# Your instructions
Reproduce exactly the lines of this material that begin at the line with "正方形の食パンはオーソドック" and end at the line with "人参のピューレと酸味のあるソ", both included. Omit the pictures and everything else.

# Provided entries
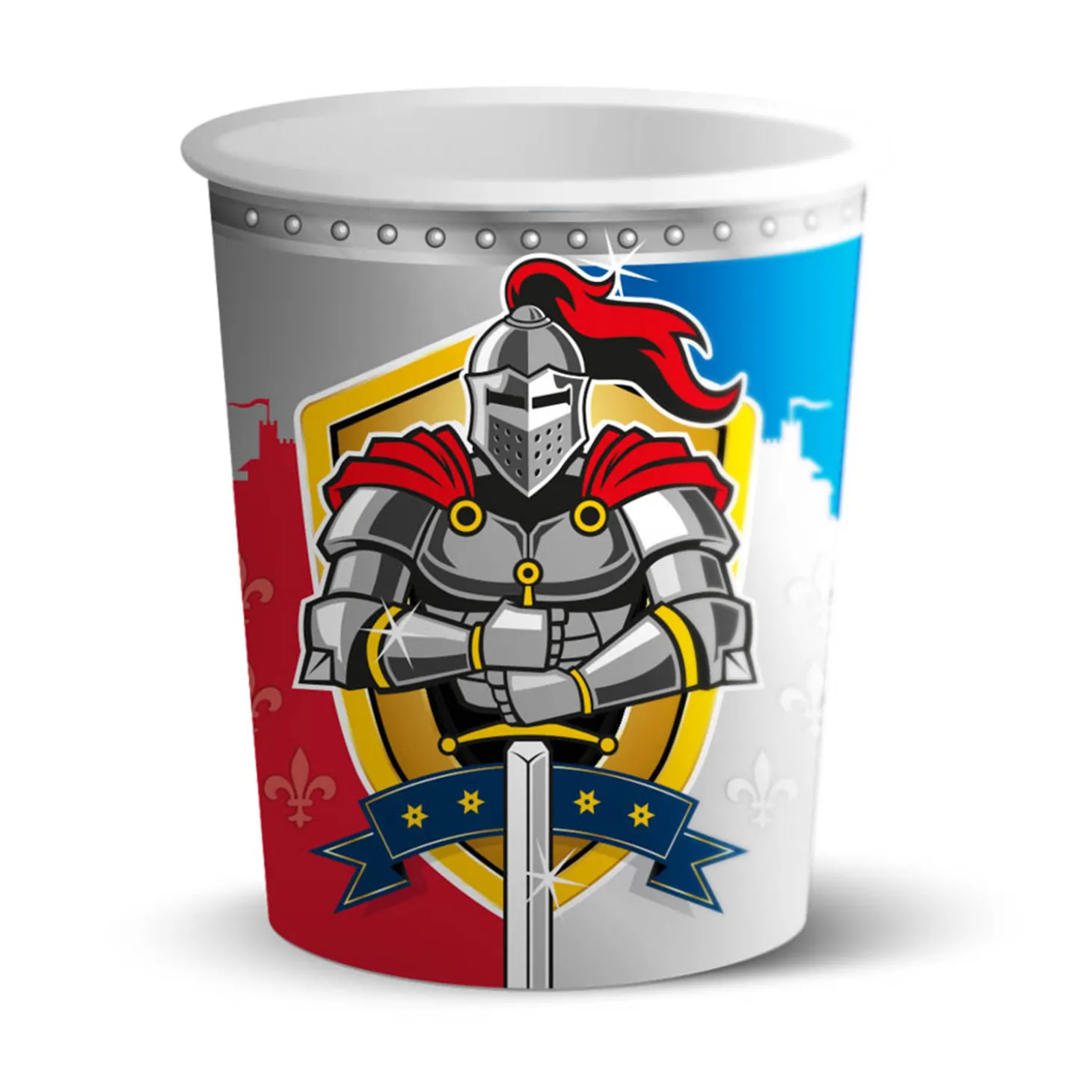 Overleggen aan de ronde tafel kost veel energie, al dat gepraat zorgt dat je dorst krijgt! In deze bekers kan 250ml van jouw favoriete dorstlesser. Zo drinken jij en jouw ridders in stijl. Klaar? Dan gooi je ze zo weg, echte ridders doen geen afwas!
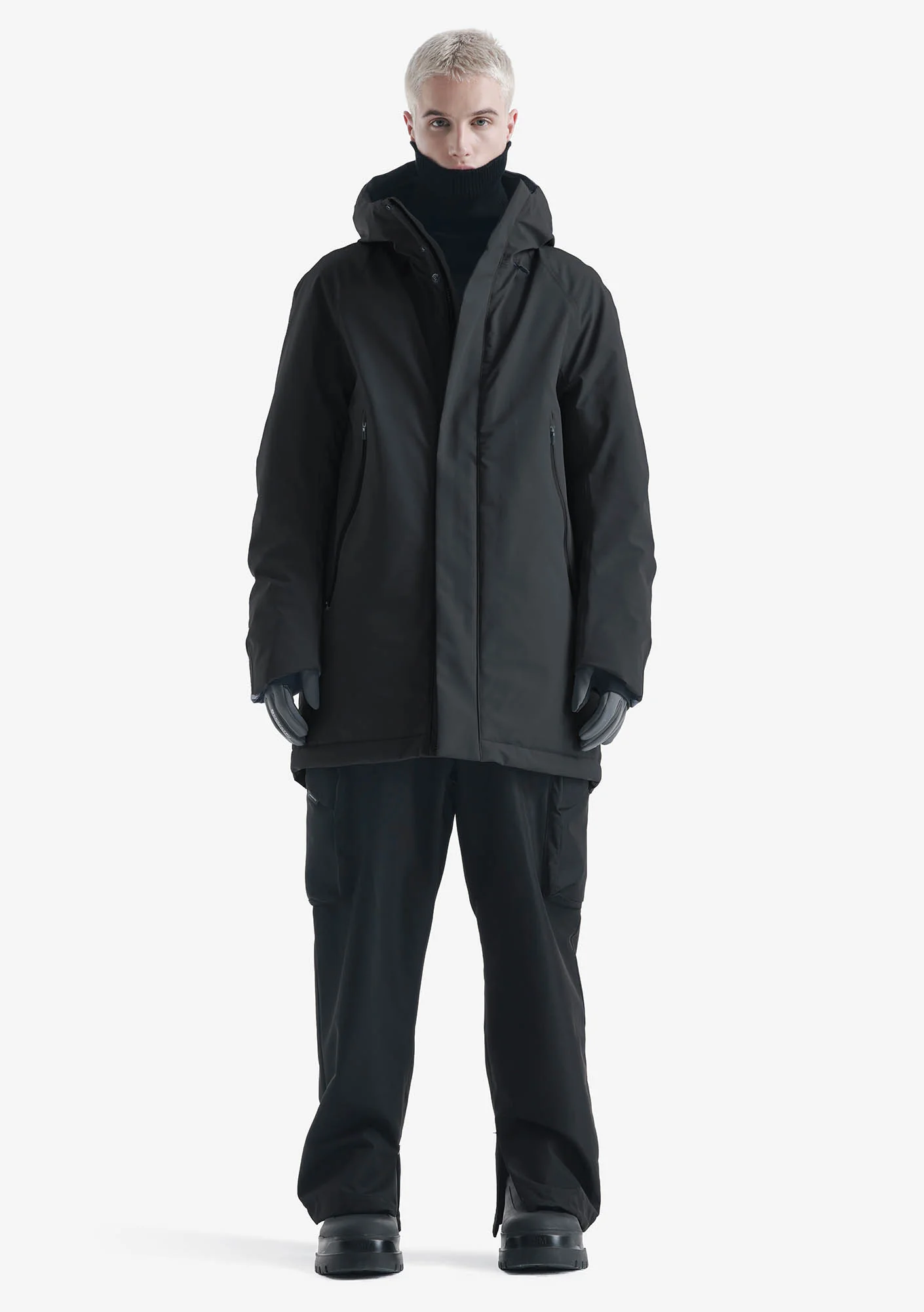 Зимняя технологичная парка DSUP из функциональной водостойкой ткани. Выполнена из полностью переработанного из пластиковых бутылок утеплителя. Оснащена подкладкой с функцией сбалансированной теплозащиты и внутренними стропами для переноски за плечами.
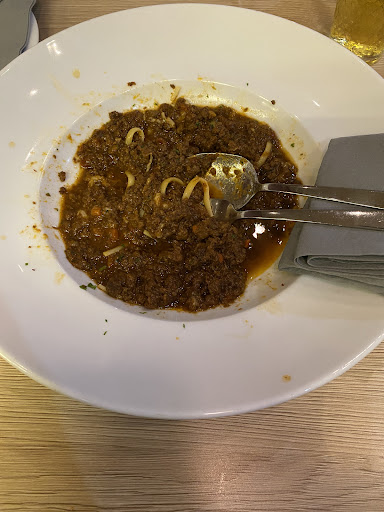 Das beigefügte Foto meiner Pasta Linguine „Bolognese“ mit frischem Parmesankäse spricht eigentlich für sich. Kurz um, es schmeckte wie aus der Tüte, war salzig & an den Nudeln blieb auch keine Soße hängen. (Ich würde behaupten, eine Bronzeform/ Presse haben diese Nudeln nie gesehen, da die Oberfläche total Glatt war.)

...

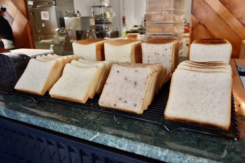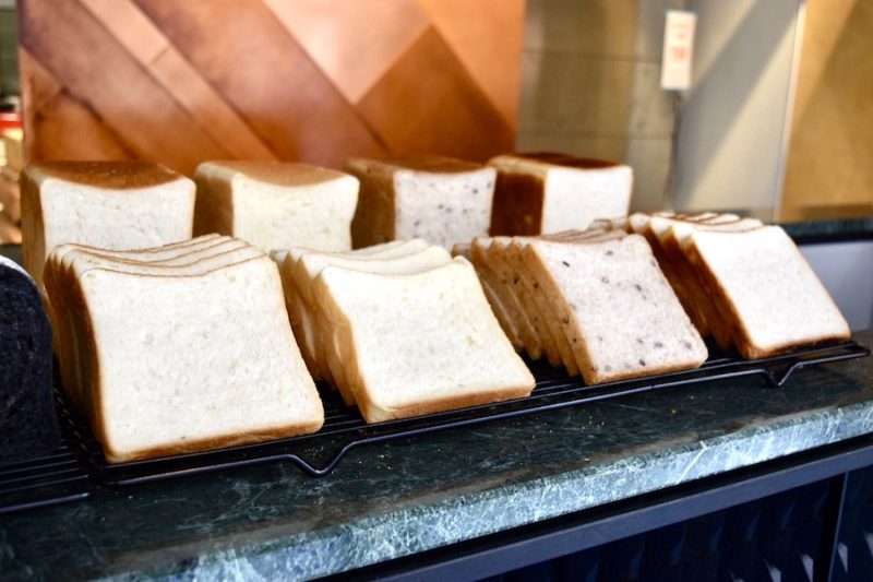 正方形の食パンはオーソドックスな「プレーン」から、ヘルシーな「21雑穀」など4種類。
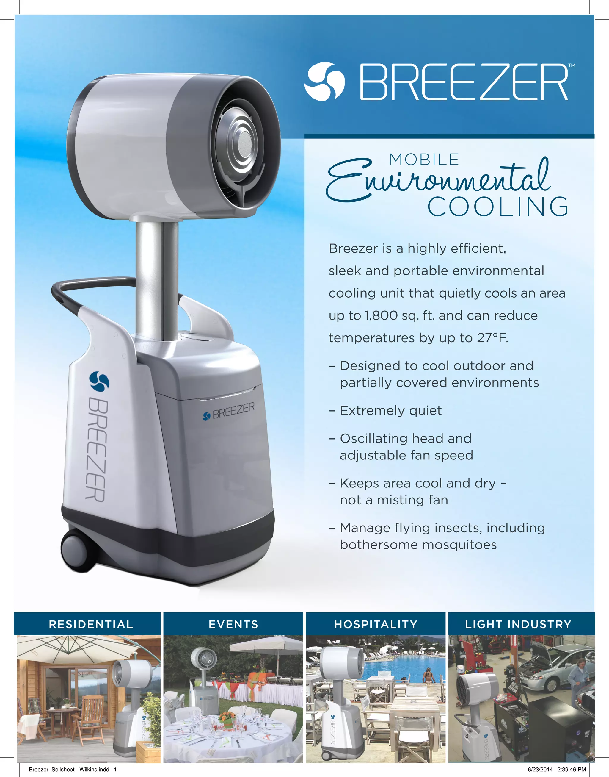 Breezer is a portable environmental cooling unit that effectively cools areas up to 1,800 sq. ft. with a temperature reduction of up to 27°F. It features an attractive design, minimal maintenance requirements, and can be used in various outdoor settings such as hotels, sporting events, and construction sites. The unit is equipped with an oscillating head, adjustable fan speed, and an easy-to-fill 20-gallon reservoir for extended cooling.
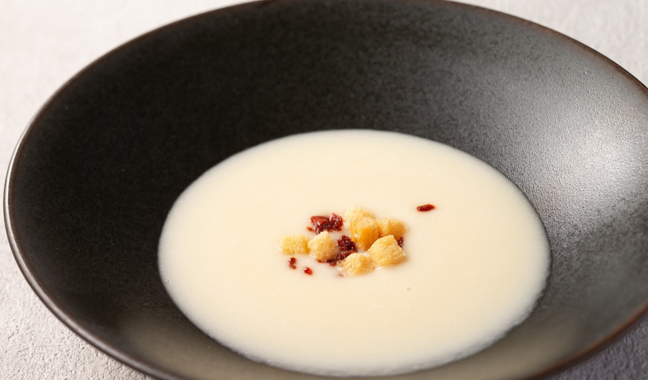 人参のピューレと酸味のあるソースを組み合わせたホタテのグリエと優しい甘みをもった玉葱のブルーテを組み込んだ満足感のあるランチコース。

# Final answer
 正方形の食パンはオーソドックスな「プレーン」から、ヘルシーな「21雑穀」など4種類。
 Breezer is a portable environmental cooling unit that effectively cools areas up to 1,800 sq. ft. with a temperature reduction of up to 27°F. It features an attractive design, minimal maintenance requirements, and can be used in various outdoor settings such as hotels, sporting events, and construction sites. The unit is equipped with an oscillating head, adjustable fan speed, and an easy-to-fill 20-gallon reservoir for extended cooling.
 人参のピューレと酸味のあるソースを組み合わせたホタテのグリエと優しい甘みをもった玉葱のブルーテを組み込んだ満足感のあるランチコース。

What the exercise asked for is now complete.